Net zero cannot be delivered without more money and we cannot ask workers to pay for it with their jobs.

Conference recognises that a new economic settlement is needed to rebuild our country in the interest of working people. A Labour government cannot be held back by an economic dogma that restricts real investment and asks working people and pensioners to bear the brunt of cuts while wealth accumulates at the top of society.

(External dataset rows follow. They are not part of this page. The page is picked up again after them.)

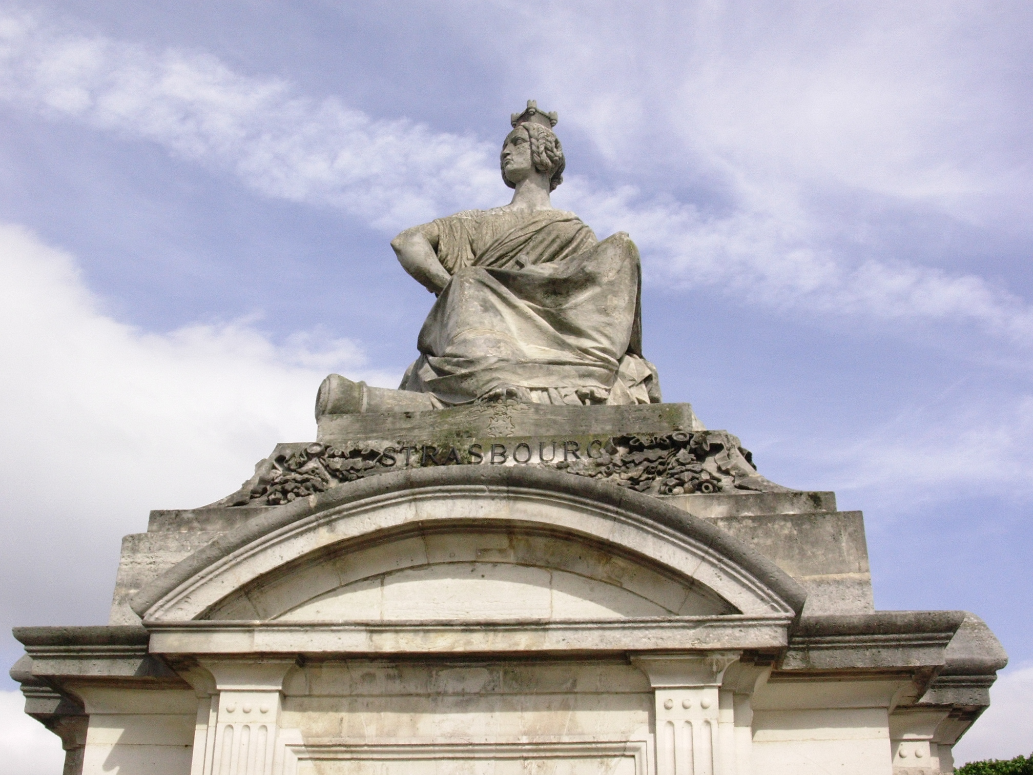 Statue de Strasbourg at Place de la Concorde in Paris, featuring actress Juliette Drouet as Strasbourg, sculpted by her spouse James Pradier. (Source: Juliette Drouet)
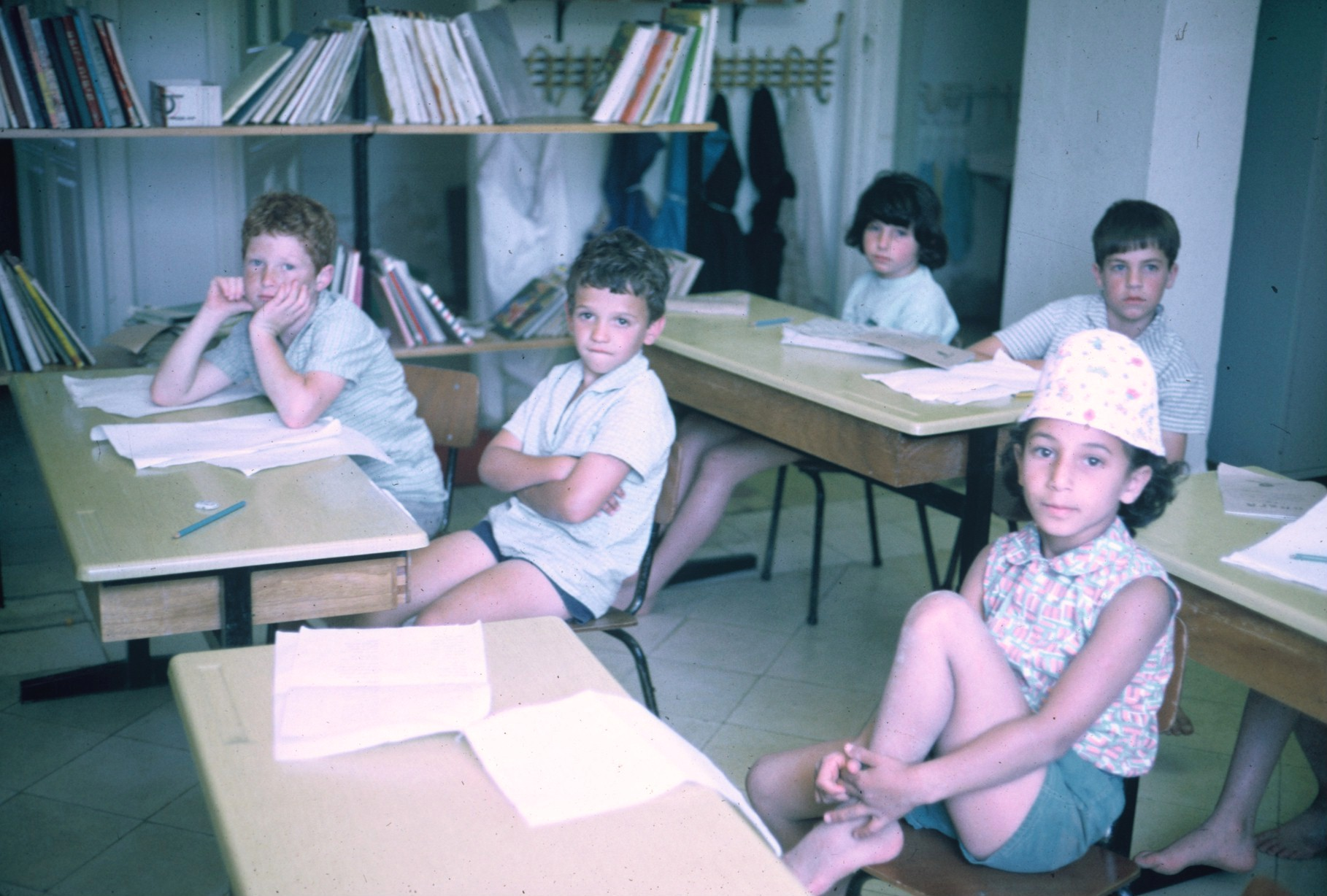 Education in the Golan heights
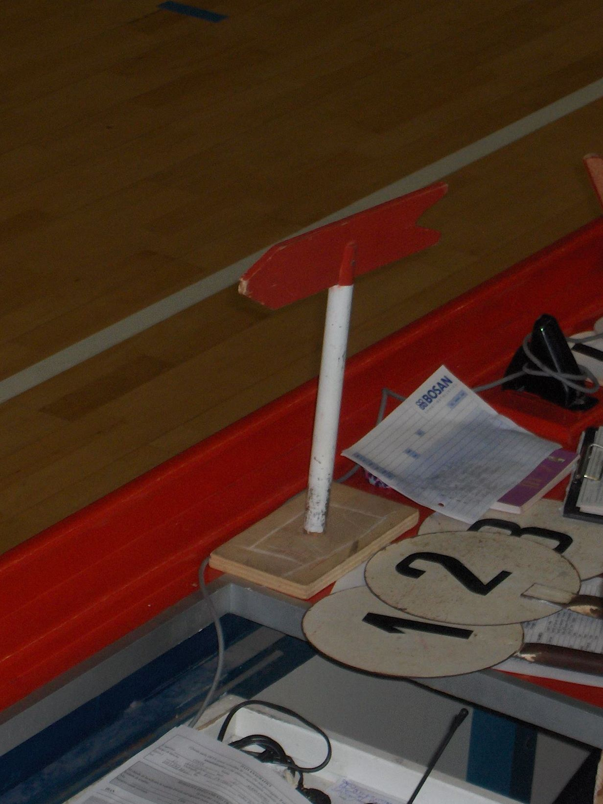 Possession arrow in Florence, Italy
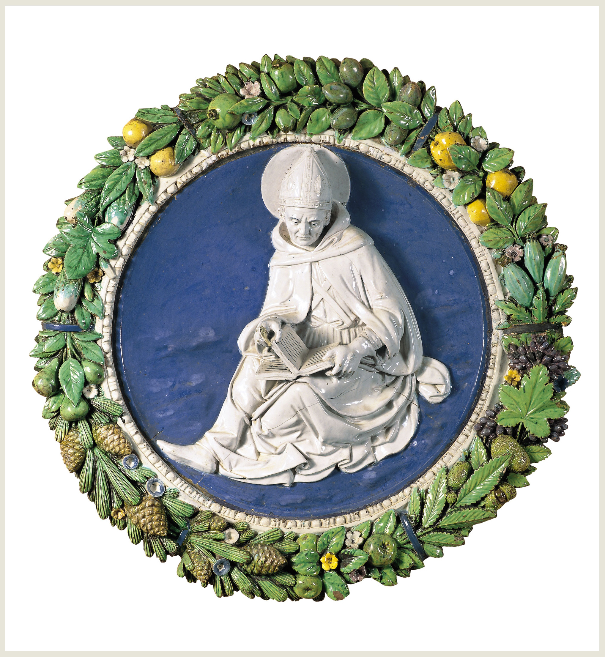 Andrea Della Robbia San Agustin Colección Carmen Thyssen-Bornemisza en depósito en el Museo Thyssen-Bornemisza ca 1490
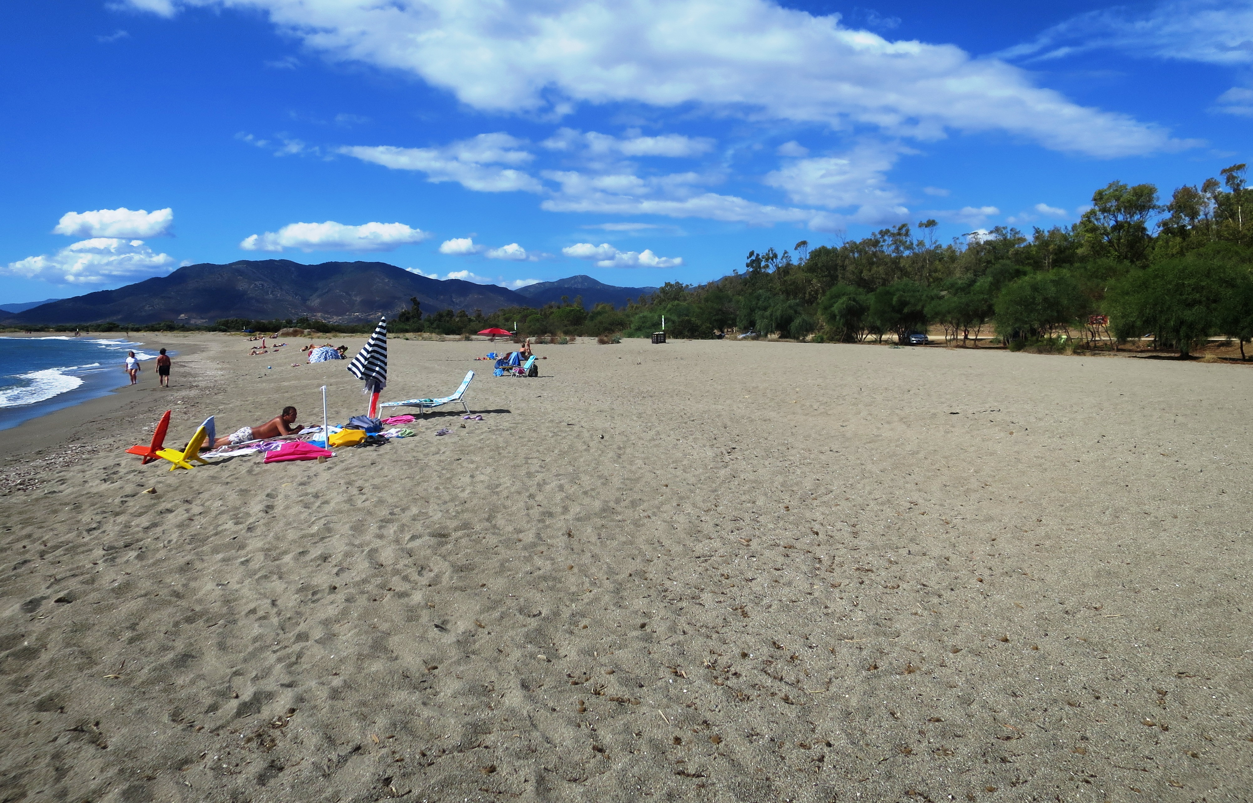 Villaputzu, Sardinia
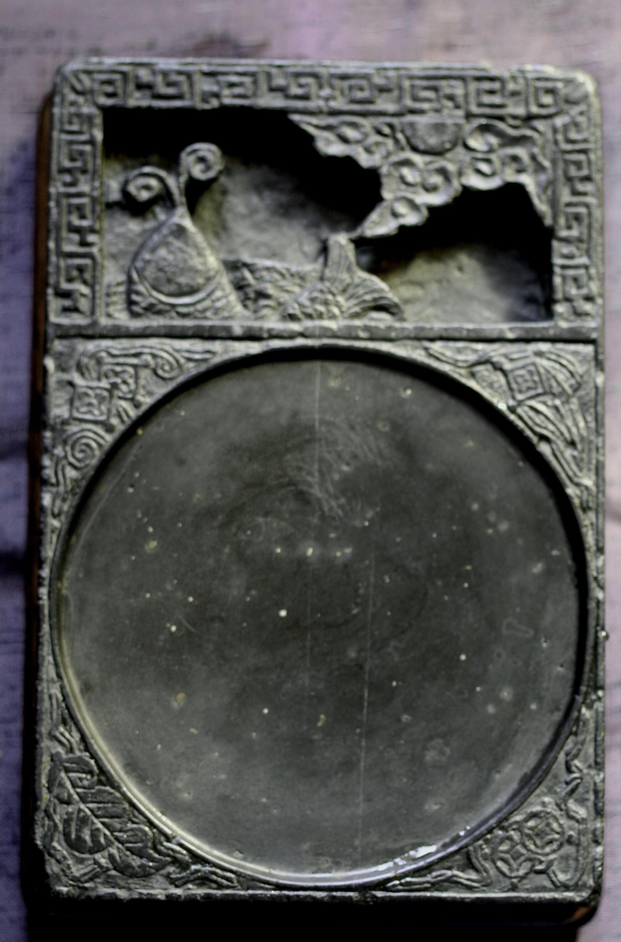 Song Dynasty Chinese inkstone made of She stone. From the Nantoyōsō Collection, Japan free use

Conference resolves that Labour will address this in the October budget and will
commit to:

  1. Reverse the introduction of means-testing for the Winter Fuel Allowance
  2. Ending fiscal rules which prevent borrowing to invest
  3. Commit to public services and infrastructure, ensuring any public expenditure
    gaps, at a minimum, are restored through taxing wealth and that there are no
    further cuts to welfare provision for working people and pensioners.
  4. Introducing a wealth tax on the top 1%, an excess profits tax, equalise capital
    gains tax with income tax and apply national insurance to investment income
  5. Delivering the investment necessary for a workers’ transition to Net Zero
    Mover: Unite
    Seconder: Communication Workers Union

The motion below was the health motion passed by conference. We were unable to insert a section on PAs but even if we had been able to do so the motion is inadequate in many ways. Its misrepresentation of the principles of the NHS is striking. It is not a mere broker – commissioner.

Health Mission
Conference notes that:  
New official data, as of August 2024, shows 7.6 million on an NHS waiting list, with over 300,000 patients waiting longer than 52 weeks.
This Labour Government inherits an NHS that is broken, after 14 years of Conservative mismanagement in England and 17 years of SNP mismanagement in Scotland.
Conference welcomes:  
The commitments set out in the Mental Health Bill and Tobacco and Vapes Bill to reduce pressure on our NHS and improve public health. A full and frank assessment of the state of the NHS that Labour inherits, noting that diagnosing the scale of the problem is essential in treating it.
Conference calls on the Labour Party to:  
Tackle the crisis in the NHS waiting list through delivering on the manifesto pledge to deliver 40,000 NHS appointments every week, during evenings and weekends.
Invest in the technology and equipment needed to build an NHS fit for the future through doubling the number of CT and MRI scanners, allowing the NHS to catch cancer and other conditions earlier.  

Recruit and train the NHS staff needed, including the manifesto commitment to recruit 8,500 additional mental health staff.
Steadfastly protect the founding principles of the NHS, a comprehensive, free at the point of use service with access based on clinical need, not the individual’s ability to pay.